A Black woman with a gold hoop nose ring and dark red lipstick stares directly at the camera, smiling. She has light brown curly hair in a bun and wears a black headband tied in a knot. She is wearing a dark red blouse that matches the lipstick color and large gold hoop earrings. She has one hand laid flat on her chest, showing her periwinkle blue nail polish.
Courtesy of Khiara Bridges

Khiara M. Bridges is a professor of law at the University of California, Berkeley, School of Law and anthropologist specializing in the intersectionality of race, class, reproductive justice and law. Bridges studies how reproductive rights law and biomedical ethics reinforce racial inequalities in the U.S.; her ethnographic studies in hospitals have informed her scholarship on the ways that race and class impact the wellbeing of pregnant people. She teaches courses in criminal law, reproductive rights and justice, environmental justice and family law. She is also the author of three books: Reproducing Race: An Ethnography of Pregnancy as a Site of Racialization (2011), The Poverty of Privacy Rights (2017) and Critical Race Theory: A Primer (2019). 

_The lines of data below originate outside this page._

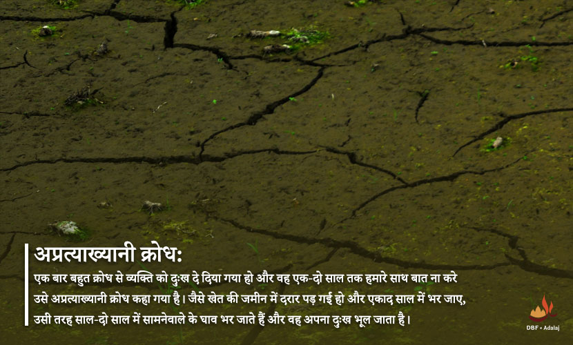 अप्रत्याख्यानी क्रोध: दूसरे प्रकार का क्रोध अर्थात् अप्रत्याख्यानी क्रोध। एक बार बहुत क्रोध से व्यक्ति को दुःख दे दिया गया हो और वह एक-दो साल तक हमारे साथ बात ना करे उसे अप्रत्याख्यानी क्रोध कहा गया है। जैसे खेत की जमीन में दरार पड़ गई हो और एकाद साल में भर जाए, उसी तरह साल-दो साल में सामनेवाले के घाव भर जाते हैं और वह अपना दुःख भूल जाता है। शास्त्रों की भाषा में क्रोध हो जाने के बाद करने वाले ने उसका पछतावा नहीं किया, पश्चाताप नहीं किया और इतने लंबे समय तक सामनेवाले को उसकी असर रही उस क्रोध को अप्रत्याख्यानी क्रोध कहा गया है।
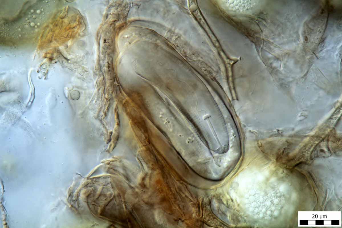 Embryon parazitovaný houbou v cystě
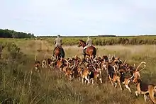 • « vénerie à cheval » pour un équipage chassant les grands mammifères comme le cerf, le chevreuil et le sanglier ;

You can listen to Khiara Bridges here.

Other sources of interest this week

On Tuesday, President Joe Biden told the U.N. General Assembly that the U.S. is starting "a new era of relentless diplomacy" following the withdrawal of U.S. troops from Afghanistan last month. This comes after the Pentagon acknowledged it had killed an aid worker, seven children and two other civilians in a drone strike in Kabul during the withdrawal, leaving questions about what the future of U.S. and Middle East relations could look like.  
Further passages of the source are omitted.